● WORK TO BE COMPLETED:
In the listing that follows, locate the line containing "Temperament Puntíkatý Šifon" and the line containing "gelaufen 1897, Briefmarke". Retype exactly those two lines and every line between them, and nothing more.

====== DATA LISTING ======

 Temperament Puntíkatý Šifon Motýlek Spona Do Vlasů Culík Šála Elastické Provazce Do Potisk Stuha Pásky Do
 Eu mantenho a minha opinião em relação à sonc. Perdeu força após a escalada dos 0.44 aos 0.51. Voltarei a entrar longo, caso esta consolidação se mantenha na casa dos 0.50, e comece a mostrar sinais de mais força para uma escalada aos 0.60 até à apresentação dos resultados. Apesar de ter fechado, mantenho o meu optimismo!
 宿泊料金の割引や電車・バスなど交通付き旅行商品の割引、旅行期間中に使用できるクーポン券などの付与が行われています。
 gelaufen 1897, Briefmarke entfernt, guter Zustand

======
====== DATA LISTING ======

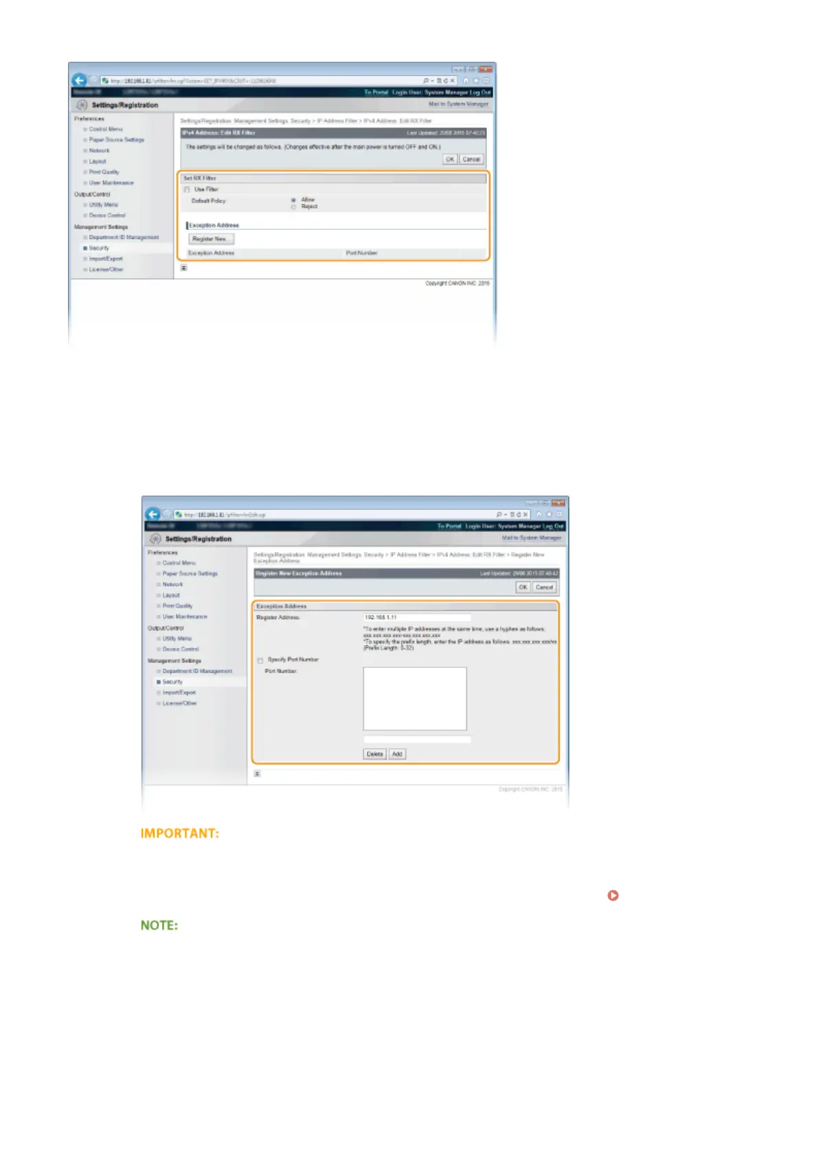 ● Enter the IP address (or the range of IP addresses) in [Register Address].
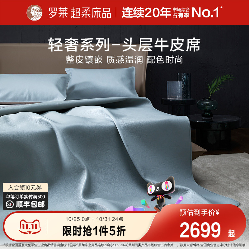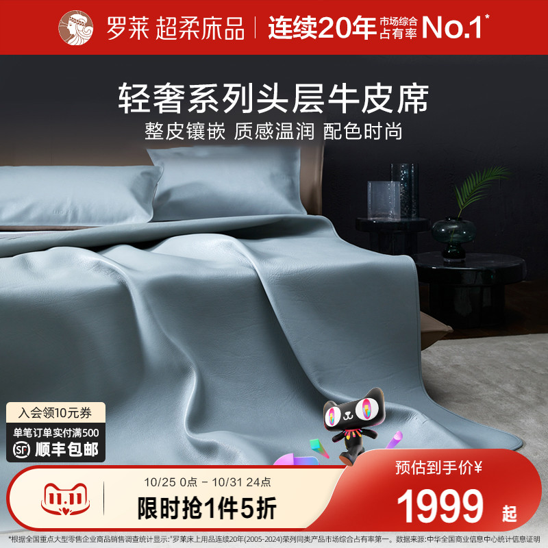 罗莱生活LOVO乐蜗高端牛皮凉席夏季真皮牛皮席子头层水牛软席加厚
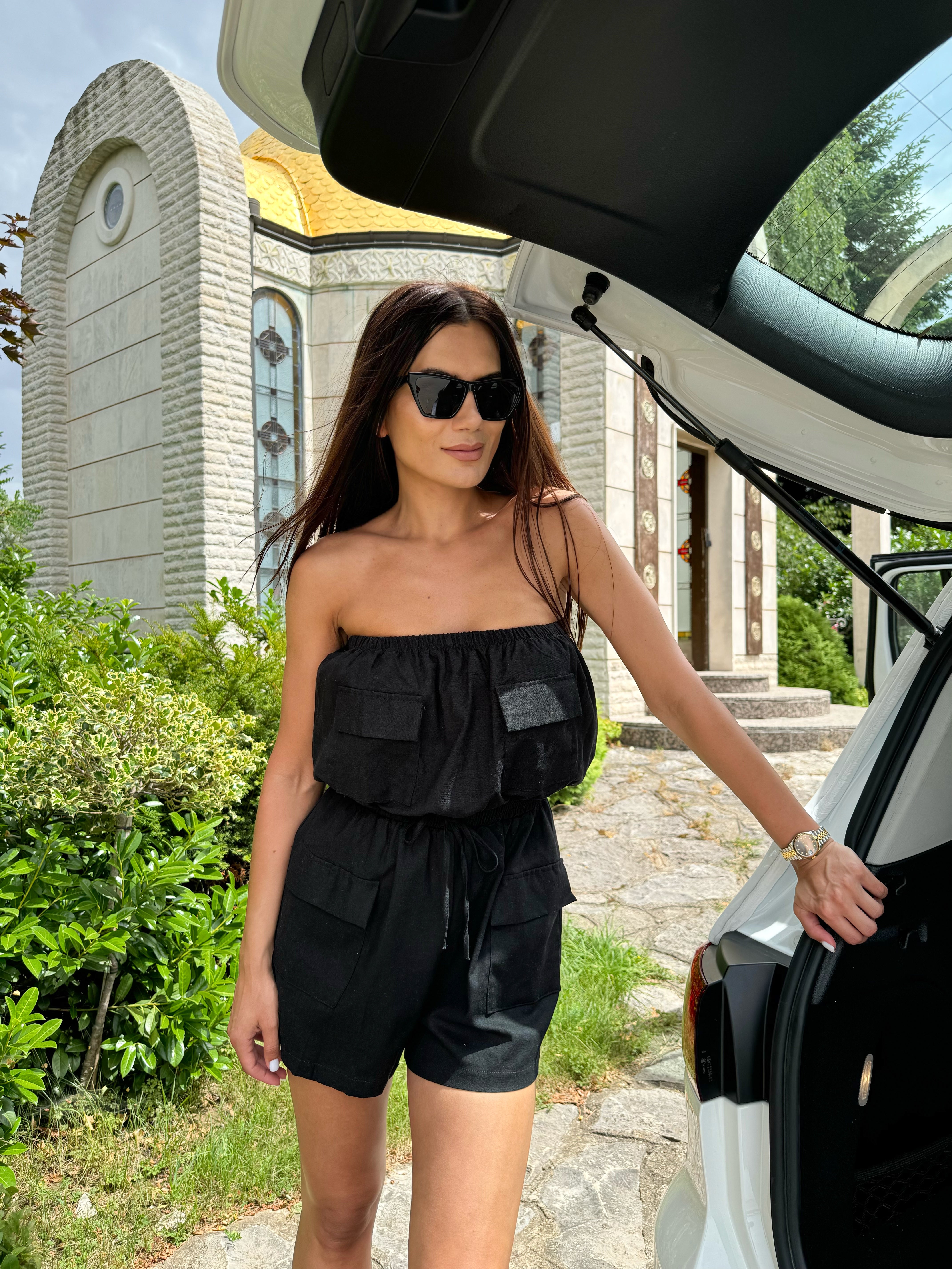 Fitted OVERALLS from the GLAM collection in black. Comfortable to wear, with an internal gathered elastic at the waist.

======

● WRITTEN RESPONSE:
 Temperament Puntíkatý Šifon Motýlek Spona Do Vlasů Culík Šála Elastické Provazce Do Potisk Stuha Pásky Do
 Eu mantenho a minha opinião em relação à sonc. Perdeu força após a escalada dos 0.44 aos 0.51. Voltarei a entrar longo, caso esta consolidação se mantenha na casa dos 0.50, e comece a mostrar sinais de mais força para uma escalada aos 0.60 até à apresentação dos resultados. Apesar de ter fechado, mantenho o meu optimismo!
 宿泊料金の割引や電車・バスなど交通付き旅行商品の割引、旅行期間中に使用できるクーポン券などの付与が行われています。
 gelaufen 1897, Briefmarke entfernt, guter Zustand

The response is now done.